The first step in any editing job is to select the image you want to fix in the Viewer. Then click the Edit button on the iPhoto toolbar to switch to the Edit mode controls. Now you’re ready to fix problems using the editing tools. (If you’re editing a photo that’s part of an Event, album, Faces, or Places, note the spiffy scrolling photo strip at the top, which allows you to switch to another image to edit from the same grouping.)

When you’re done with Edit mode, click the Done button.
When you’re done with Edit mode, click the Done button.
  • Rotate: Click the Rotate button to turn the image counterclockwise once. Hold down the Option key while you click the Rotate button to rotate clockwise.

  • Straighten: Click the Straighten button and then drag the slider to tilt the image in the desired direction. Click the Close button to return to Edit mode.

  • Enhance: If a photo looks washed out, click the Enhance button to increase (or decrease) the color saturation and improve the contrast. Enhance is automatic, so you don’t have to set anything.

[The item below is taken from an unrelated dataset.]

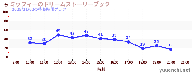 2025/11/02の待ち時間グラフ (ミッフィーのドリームストーリーブック)

  • Remove red-eye: Unfortunately, today’s digital cameras can still produce the same “zombies with red eyeballs” as traditional film cameras. Red-eye is caused by a camera’s flash reflecting off the retinas of a subject’s eyes, and it can occur with both humans and animals.

    iPhoto can remove that red- and green-eye. Click the Red-Eye button and then select a demonized eyeball by clicking in the center of it. (If the new eyeball is too small or too large, drag the Size slider to adjust the dimensions.) To complete the process, click the X in the button that appears in the image.

  • Retouch: The iPhoto Retouch feature is perfect for removing minor flecks or lines in an image (especially those you’ve scanned from prints). Click Retouch and the mouse cursor turns into a crosshair; just drag the cursor across the imperfection.

  • Switch to black-and-white or sepia: Ever wonder whether a particular photo in your library would look better as a black-and-white (or grayscale) print? Just click the Effects button to display the Effects window, which offers eight different effects you can apply to the photo.

  • Adjust photo properties manually: Click Adjust to perform manual adjustments to brightness and contrast, as well as the sharpness, shadow, and highlight levels. To adjust a value, make sure that nothing’s selected in the image and then drag the corresponding slider until the image looks the way you want. Click the Close button to return to Edit mode.

While you’re editing, you can use the Next and Previous buttons at the lower-right corner of the iPhoto window to move to the next image in the current group (or back to the previous image).